Qwant, France’s privacy-focused search engine, and Ecosia, a Berlin-based not-for-profit search engine that uses ad revenue to fund tree planting and other climate-focused initiatives, are joining forces on a joint venture to develop their own European search index.
The pair hopes this move will help drive innovation in their respective search engines — including and especially around generative AI — as well as reducing dependence on search indexes provided by tech giants Microsoft (Bing) and Google. Both currently rely on Bing’s search APIs while Ecosia also uses Google’s search results.
Rising API costs are one clear motivator for the move to shrink this Big Tech dependency, with Microsoft massively hiking prices for Bing’s search APIs last year.
Neither Ecosia nor Qwant will stop using Bing or Google altogether. However, they aim to diversify the core tech supporting their services with their own index. It will lower their operational costs, and serve as a technical base to fuel their own product development as GenAI technologies take up a more central role in many consumer-facing digital services.
Both search engines have already dabbled in integrating GenAI features. Expect more on this front, although they aren’t planning to develop AI model development themselves. They say they will continue to rely on API access to major platforms’ large language models (LLMs) to power these additions.

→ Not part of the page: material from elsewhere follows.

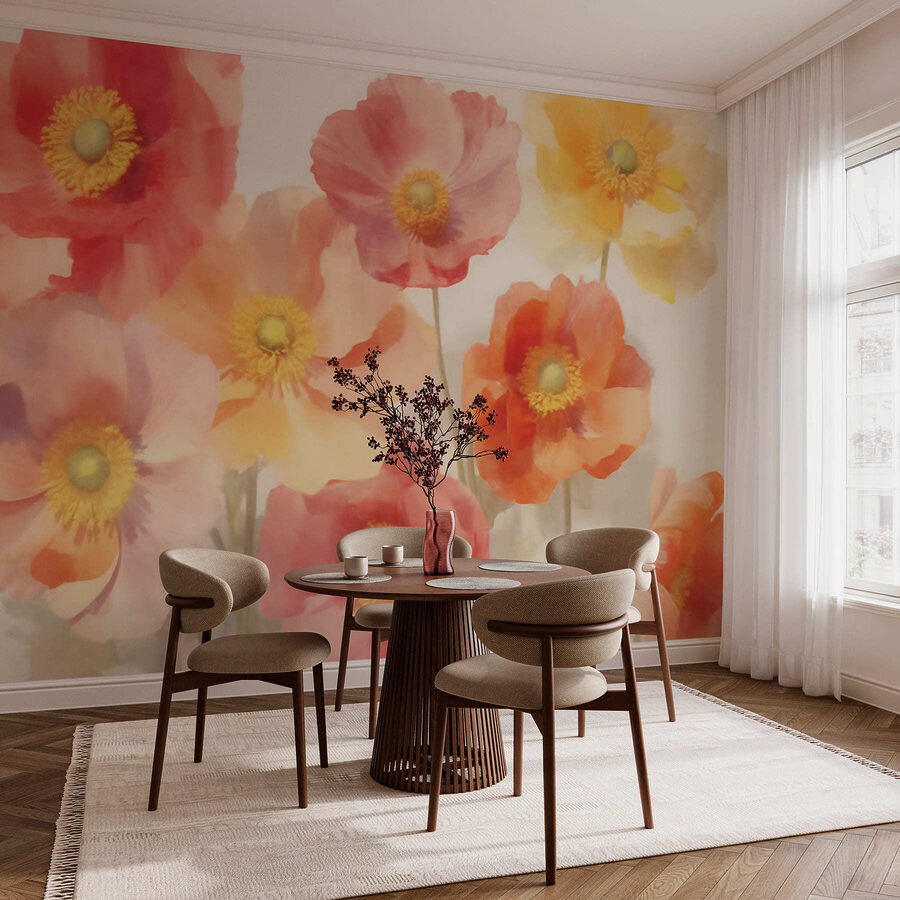 Premeňte svoj priestor pomocou tejto úžasnej nástennej maľby s veselou kyticou kvetov na sviežom bielom pozadí. Je to ako preniesť záhradu do interiéru bez skutočnej hliny – bonus! Každý kvet akoby tancoval farbami a spájal jemné odtiene do nádherného akvarelového majstrovského diela. Predstavte si, že sa zobudíte s týmto výhľadom a vaša ranná káva sa bude cítiť o niečo výnimočnejšie. Je ideálny na oživenie nudného kúta alebo na vytvorenie výrazu vo vašej obývačke. Táto nástenná maľba vyvoláva teplo a radosť, bez námahy pozdvihuje náladu a vyvoláva úsmevy. Možno vás inšpiruje k tomu, aby ste vzali do ruky štetec – alebo aspoň jednu či dve kvety!

The pair is also open to other European firms joining in with their push for more tech stack sovereignty — at least as fellow customers for the search index, as they plan to license access via an API. Other forms of partnership could be considered too, they told TechCrunch.
“The door is open and we are ready to talk to anyone,” said Qwant CEO Olivier Abecassis. “But we also want to focus and really secure the capacity to invest with our existing shareholders.”
“We know that we will fuel the company for the next years, and we know that our shareholders are ready to support it, and really expect us to move fast,” he added. “We will discuss with investors to speed up the developments and to do more — and with others to join in the partnership. So the plan is really to move as fast as possible.”
AI is driving a dual sense of urgency for both parties, as it rapidly creates a landscape of new opportunities and potential pitfalls.
“With the emergence of AI tools there is a different demand now for a search index,” Ecosia CEO Christian Kroll suggested. “The two providers, Bing and Google, are basically getting more reluctant to make their index accessible. And of course, as a search engine, we need an index. So that’s partially why we want to make sure we have access.”
“But also there is now a unique moment where you can use that type of index to build a very different experience — using generative AI to create a different experience — and we don’t want to be restricted in using that technology.”
Kroll also pointed to a regulatory environment in Europe that is keen to foster homegrown tech innovation in order to bolster the bloc’s strategic autonomy as another reason for making a bet on a homebrew search index now.
“The opportunity just has gotten a lot better,” he said. “With the [EU’s] Digital Markets Act, for the first time, ‘click and query data,’ for example, is going to be shared by other search engines — so we have access to that. Also access to platforms is different than it used to be. So we’ve been thinking about this for a long time, but now it’s the right moment to actually do it.”
“We believe that if we want to get a meaningful GenAI user experience, we need access to LLM models,” added Abecassis. “But we also need access to search tech.”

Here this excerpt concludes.